The door opened and a fortyish woman in a robe poked her head out and smiled. “Oh, thank God,” the older blonde said. “I heard voices out here and I was half-afraid the ship was haunted.”

“No, ma’am.” The waiter stiffened to attention as if just remembering what he’d come below for. He shot Jenna a hopeful look, clearly asking that she not rat him out for standing around having a conversation. “I’ve got breakfast for two here, as you requested.”

“Great,” the blonde said, opening the door wider. “Just…” She stopped. “I have no idea where you can put it. Find a place, okay?”

While the waiter disappeared into the cabin, the blonde stuck out one hand to Jenna. “Hi, I’m Mary Curran. My husband, Joe, and I are on vacation.”

“Jenna Baker,” she said, shaking the other woman’s hand. “Maybe I’ll see you abovedecks?”

“Won’t see much of me down here, I can tell you,” Mary admitted with a shudder as she tightened the sash on her blue terry-cloth robe. “Way too creepy, but-” she shrugged “-the important thing is, we’re on a cruise. We only have to sleep here, after all, and I intend to get our money’s worth out of this trip.”
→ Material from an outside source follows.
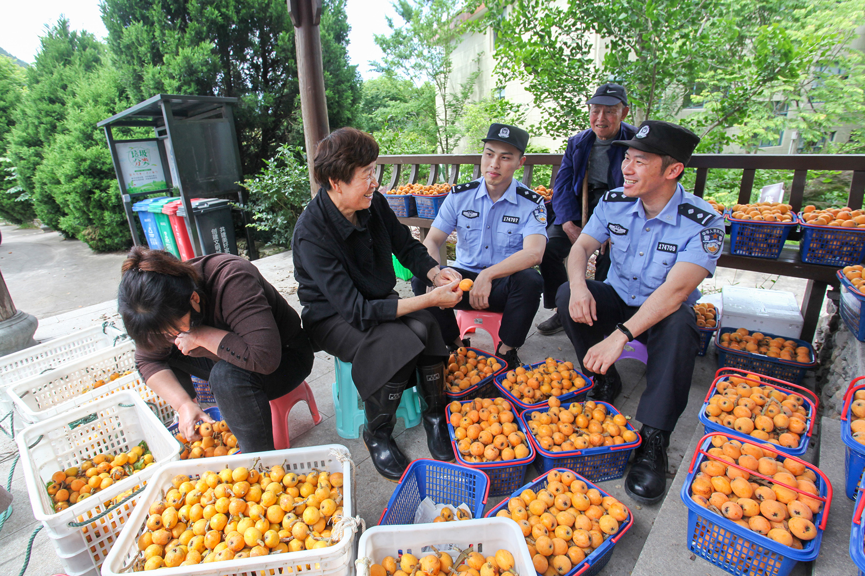 圖為5月14日,民警在嶼頭鄉(xiāng)上鳳村枇杷銷售點(diǎn)走訪。

“Funny,” Jenna said with a smile. “I was just telling myself the same thing.”

She left Mary to her breakfast and headed for the elevator that would carry her up and out of the darkness. She clutched the envelope that she would have delivered to Nick and steeled herself for the day to come. The elevator lurched into motion and she tapped her foot as she rose from the bowels of the ship. What she needed now was some air, lots of coffee and a pastry or two. Then, later, after Nick had read her letter, she would be ready. Ready to face the beast. To beard the lion in his den. To look into Nick’s pale blue eyes and demand that he do the right thing.

“Or,” Jenna swore as the doors shushed open and she stepped into the sunlight and tipped her face up to the sky, “I will so make him pay.”

“The sound system for the stage on the Calypso Deck has a hiccup or two, but the techs say they’ll have it fixed before showtime.”

“Good.” Nick Falco sat back in his maroon leather chair and folded his hands atop his belly as he listened to his assistant, Teresa Hogan, rattle off her daily report. It was only late morning and together they’d already handled a half-dozen crises. “I don’t want any major issues,” he told her. “I know this is the shakedown cruise, but I don’t want our passengers feeling like they’re guinea pigs.”

“They won’t. The ship’s looking good and you know it,” Teresa said with a confident smile. “We’ve got a few minor glitches, but nothing we can’t handle. If there were real trouble, we never would have left port last night.”

“I know,” he said, glancing over his shoulder at the white caps dancing across the surface of the ocean. “Just make sure we stay one step ahead of any of those glitches.”

“Don’t I always?”

“Yeah,” he said with a nod of approval. “You do.”

Teresa was in her late fifties, had short, dark hair, sharp green eyes and the organizational skills of a field general. She took crap from no one, Nick included, and had the loyalty and tenacity of a hungry pit bull. She’d been with him for eight years-ever since her husband had died and she’d come looking for a job that would give her adventure.

She’d gotten it. And she’d also become Nick’s trusted right arm.

“The master chef on the Paradise Deck is complaining about the new Vikings,” she was saying, flipping through the papers attached to her ever present clipboard.

Nick snorted. “Most expensive stoves on the planet and there’s something wrong with them?”